BioM3

File size: 1,400 Bytes


---
### **`weights/LLMs/README.md`**

# LLMs Pre-trained Weights for Compiling PenCL

This folder contains the pre-trained weights for the **ESM2** and **PubMedBERT** models to compile **PenCL** model (Stage 1 of BioM3). The PenCL model aligns protein sequences and text descriptions to compute joint latent embeddings.

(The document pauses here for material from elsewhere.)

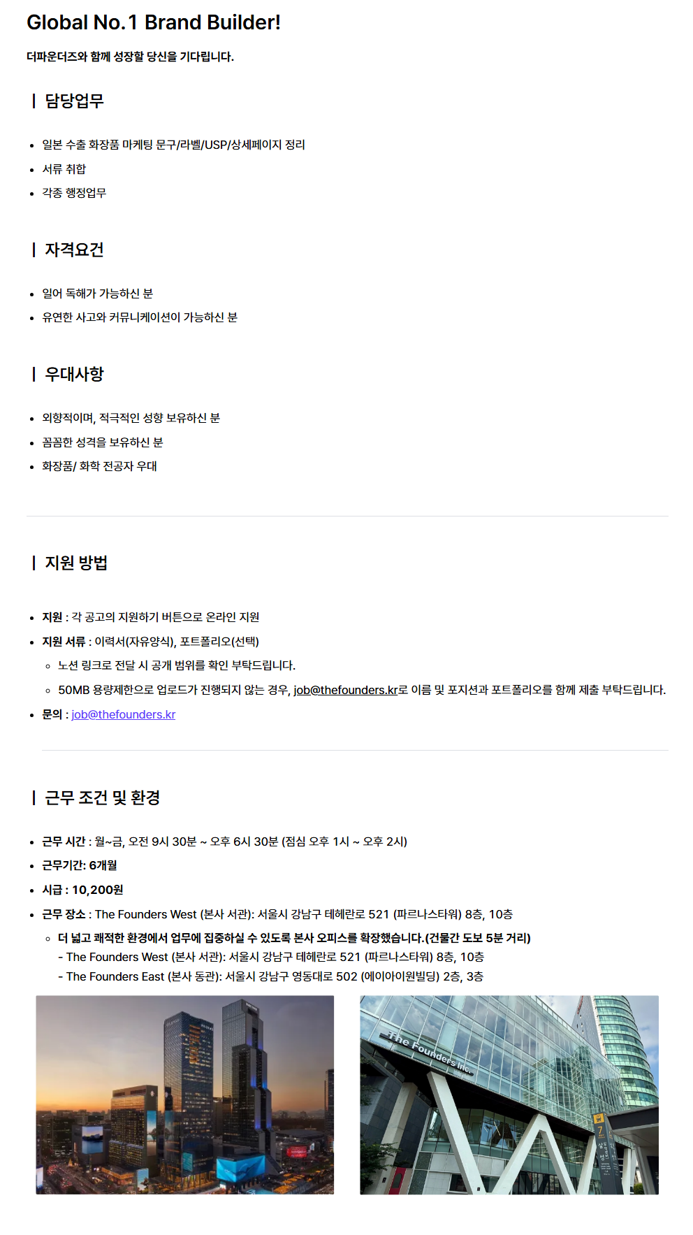 #일본수출 #수출업무 #RA #RegulatoryAffairs #화장품인허가 #일본어 #일본어가능자 #서류관리 #행정업무 #사무보조 #사무보조알바 #아르바이트 #SCM #운영지원 #뷰티채용 #화장품채용 #삼성역 #K뷰티 #아누아 #ANUA #더파운더즈 #TheFounders

## Downloading Pre-trained Weights

### ESM2 Model
To download the ESM2 (650M parameter) model weights:
```bash
wget https://dl.fbaipublicfiles.com/fair-esm/models/esm2_t33_650M_UR50D.pt
wget https://dl.fbaipublicfiles.com/fair-esm/regression/esm2_t33_650M_UR50D-contact-regression.pt
```

### PubMedBERT Model

Make sure large-file storage capabilities are installed in your environment before cloning HuggingFace model card.
```bash
git lfs install 
```

To download the PubMedBERT model weights:
```bash
git clone https://huggingface.co/microsoft/BiomedNLP-BiomedBERT-base-uncased-abstract-fulltext
```

## Usage
Once available, the pre-trained weights can be loaded as follows:

[Your usage instructions here]

## File Structure
After downloading, your weights directory should contain:
```
weights/
└── LLMs/
    ├── esm2_t33_650M_UR50D.pt
    └── BiomedNLP-BiomedBERT-base-uncased-abstract-fulltext/
```

Note: The PubMedBERT download will create a directory containing the model weights and configuration files, while ESM2 downloads as a single file.